EU court cancels data sharing agreement over snooping concerns

By Michelle Price
Special to the UCBJ

Ross issues statement on Schrems II Ruling and the Importance of EU-U.S. Data Flows

WASHINGTON – A pact that allows thousands of companies, including financial and tech companies, such as Facebook, to transfer data between countries was ruled invalid by the European Court of Justice, Europe’s highest court, today because it allows the American government to snoop on people’s data. 

The ruling could require regulators to vet any data transferred from the E.U. to the U.S. to ensure that the data of Europeans is afforded the same privacy protections in the U.S. as it is in the E.U.

U.S. Secretary of Commerce Wilbur Ross issued the following statement on the July 16 ruling by the Court of Justice of the European Union in the Schrems II case.

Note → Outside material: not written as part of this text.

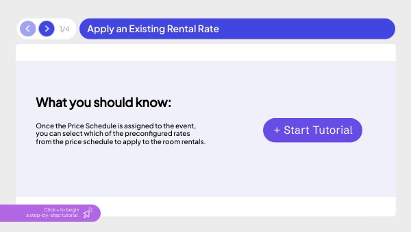 Once the Price Schedule is assigned to the event, you can select which of the preconfigured rates from the price schedule to apply to the room rentals.

“While the Department of Commerce is deeply disappointed that the court appears to have invalidated the European Commission’s adequacy decision underlying the EU-U.S. Privacy Shield, we are still studying the decision to fully understand its practical impacts,” said Secretary Wilbur Ross. “We have been and will remain in close contact with the European Commission and European Data Protection Board on this matter and hope to be able to limit the negative consequences to the $7.1 trillion transatlantic economic relationship that is so vital to our respective citizens, companies and governments. Data flows are essential not just to tech companies—but to businesses of all sizes in every sector. As our economies continue their post-COVID-19 recovery, it is critical that companies—including the 5,300+ current Privacy Shield participants—be able to transfer data without interruption, consistent with the strong protections offered by Privacy Shield.” 

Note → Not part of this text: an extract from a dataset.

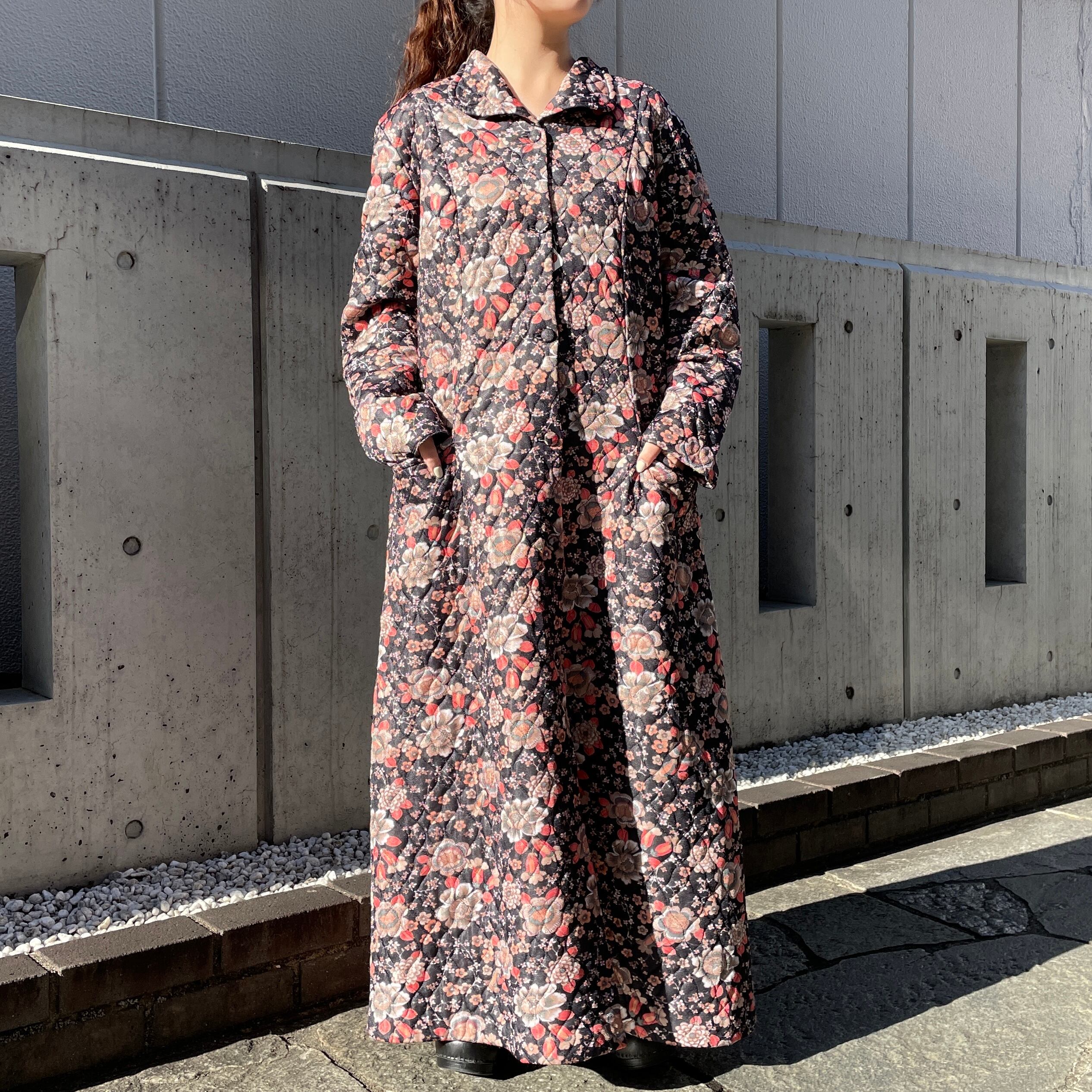 ブラックカラーがベースのキルティングコート。

The United States participated actively in the case with the aim of providing the court with a full understanding of U.S. national security data access laws and practices and how such measures meet, and in most cases exceed, the rules governing such access in foreign jurisdictions, including in Europe.

The Department of Commerce will continue to administer the Privacy Shield program, including processing submissions for self-certification and re-certification to the Privacy Shield Frameworks and maintaining the Privacy Shield List. Today’s decision does not relieve participating organizations of their Privacy Shield obligations.